THE DATA
· · · · ·

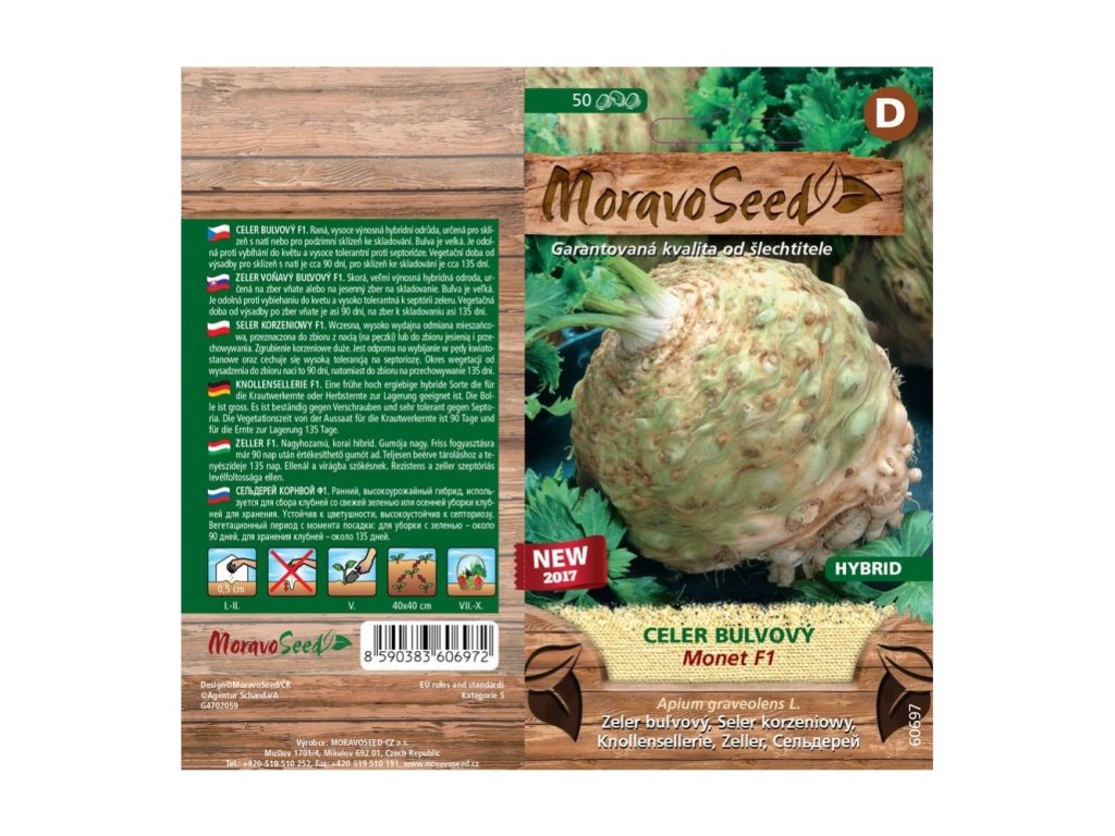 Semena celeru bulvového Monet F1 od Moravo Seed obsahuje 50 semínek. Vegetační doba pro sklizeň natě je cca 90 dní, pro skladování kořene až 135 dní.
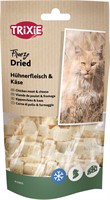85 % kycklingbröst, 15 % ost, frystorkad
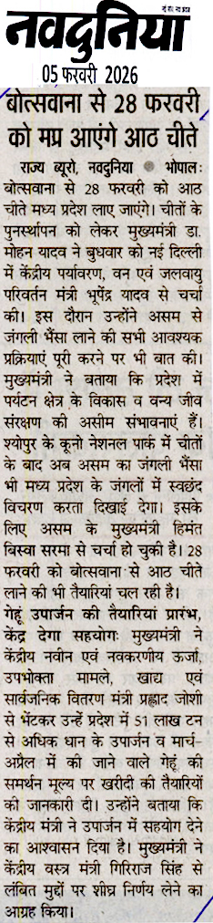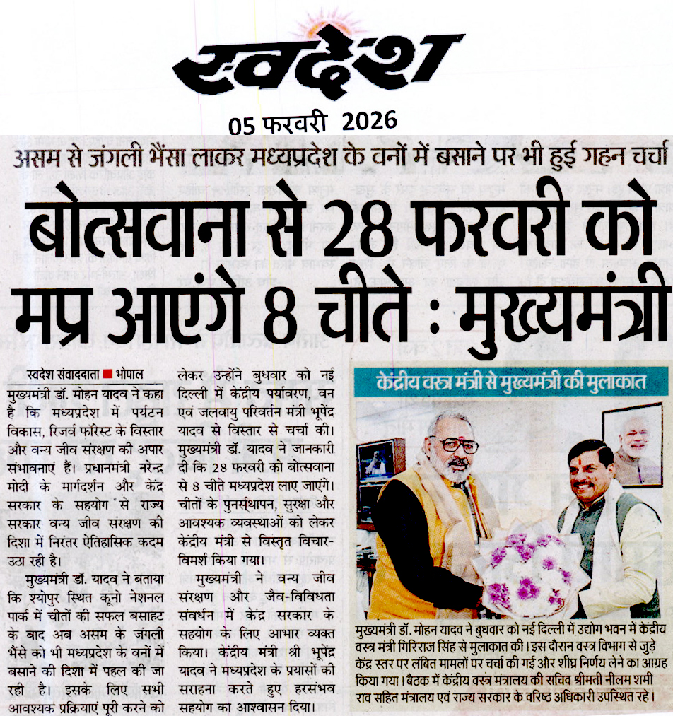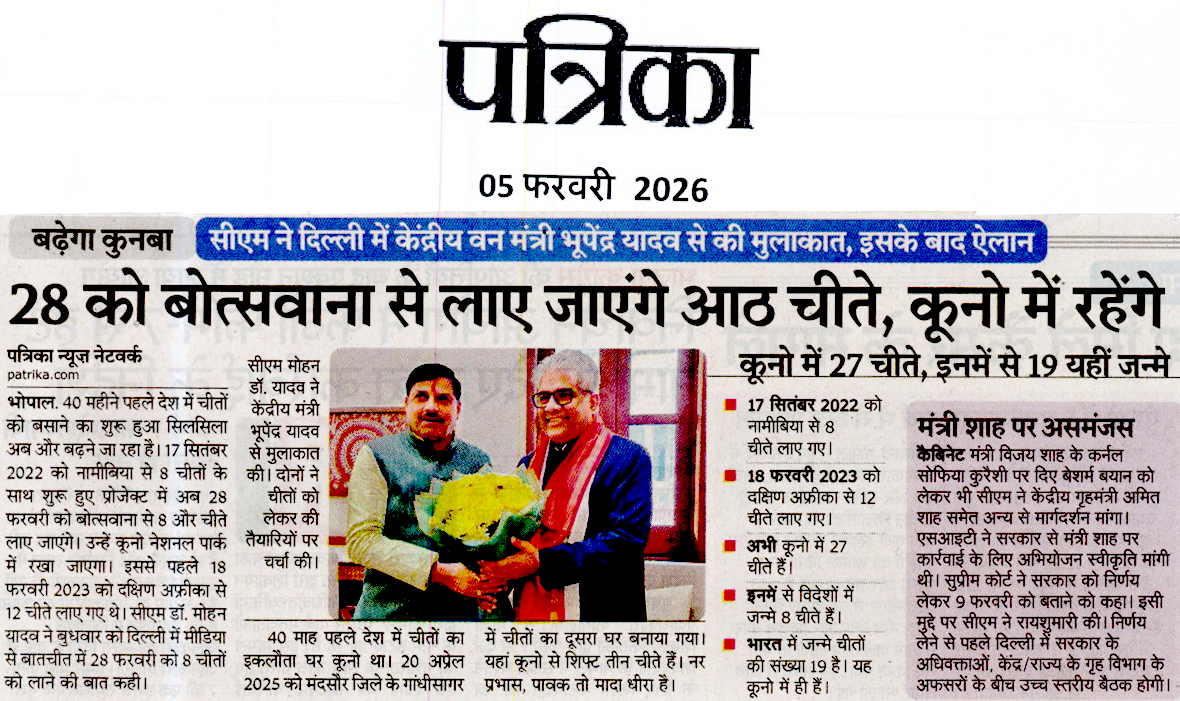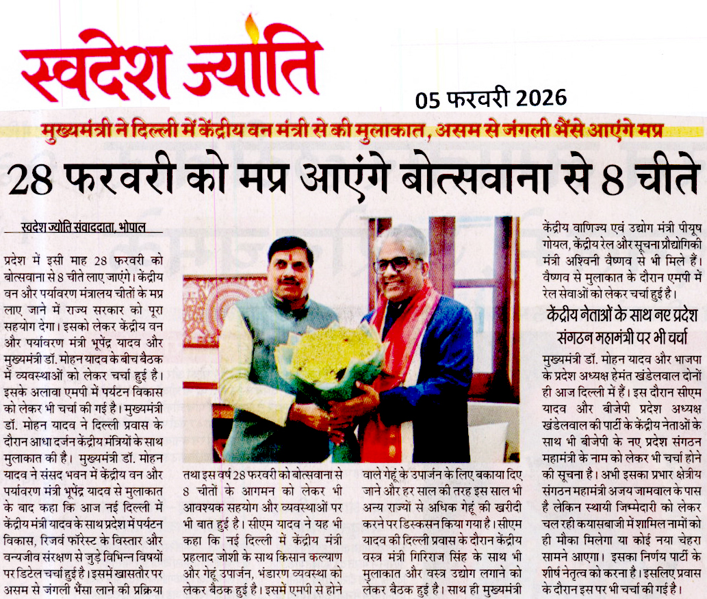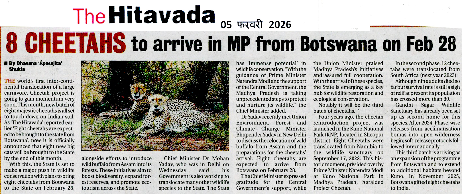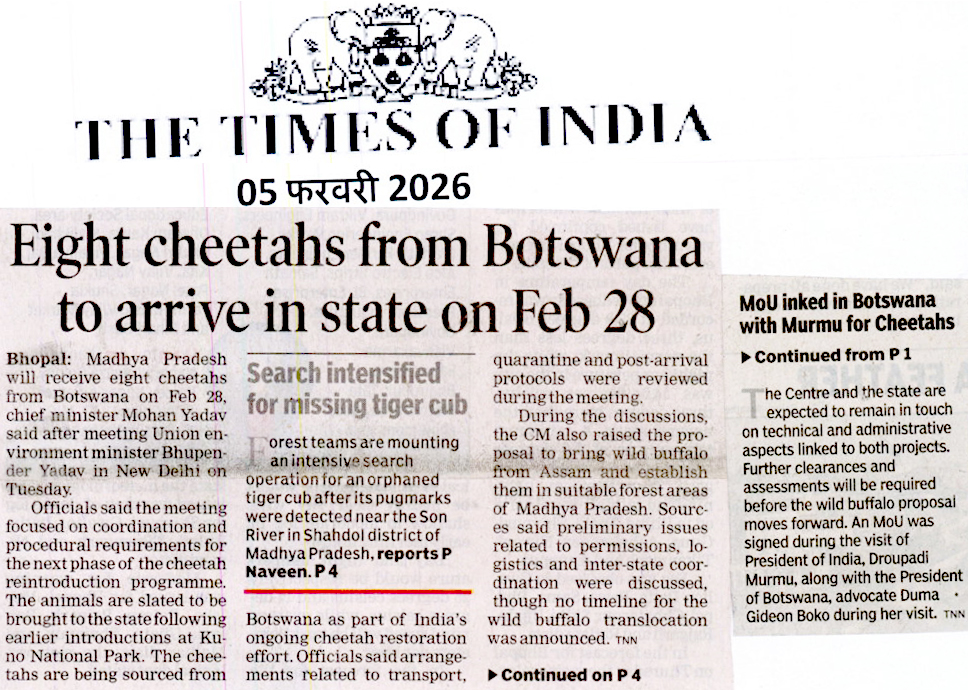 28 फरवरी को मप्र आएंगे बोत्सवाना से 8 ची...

· · · · ·

Give back exactly the lines from the one containing "85 % kycklingbröst, 15 % ost, frystorkad" through the last line above, both included, and none of the pictures.

RESPONSE TO THE EXERCISE
85 % kycklingbröst, 15 % ost, frystorkad
 28 फरवरी को मप्र आएंगे बोत्सवाना से 8 ची...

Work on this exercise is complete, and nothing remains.